* Alvaro Herrera <alvherre@commandprompt.com> [080115 07:24]:
> Tom Lane wrote:
>
> > It strikes me that given the postmaster's infrastructure for listening
> > on multiple sockets, it would be a pretty small matter of programming
> > to teach it to listen on socket files in multiple directories not only
> > one.
>
> The problem with this idea is that if the postmaster goes away, both
> sockets go away, which means the attacker can place his socket in /tmp
> as he sees fit.
So, make your postmaster listen in a secure location (i.e.

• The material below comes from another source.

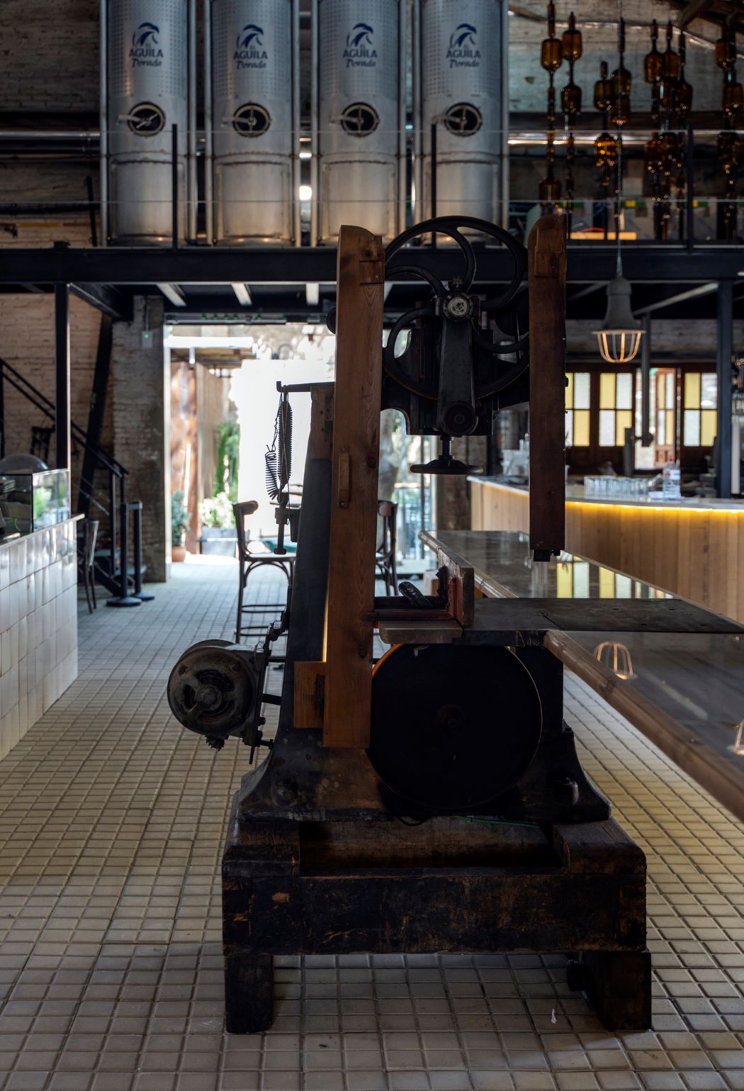 El proyecto de rehabilitación llevado a cabo ha puesto especial énfasis en la restauración y reutilización de las estructuras originales y algunas piezas de mobiliario que permanecían intactas tras décadas de abandono. Se ha respetado gran parte de la mampostería y la carpintería original, y se le han dado nuevos usos a algunas de las máquinas que se utilizaban para el ensamblaje de toneles. Además, podemos ver la obra de diferentes artistas locales que han realizado para Mercader piezas ornamentales y de iluminación a partir de materiales de desecho.

/var/run/postgresl/.s.PGSQL.5432), and have some init script that runs
*before* your attacker put a symlink in /tmp/s.PGSQL.5432 pointing to
it. This "init" script could even be the normal system postgres init
script.
As long as your symlink is made before your attacker get's a chance to
run anything, your attacker can't change/replace it (or you have more
serious problems), and your "safe" location is protected while you've
stopped the postmaster by normal unix permisions.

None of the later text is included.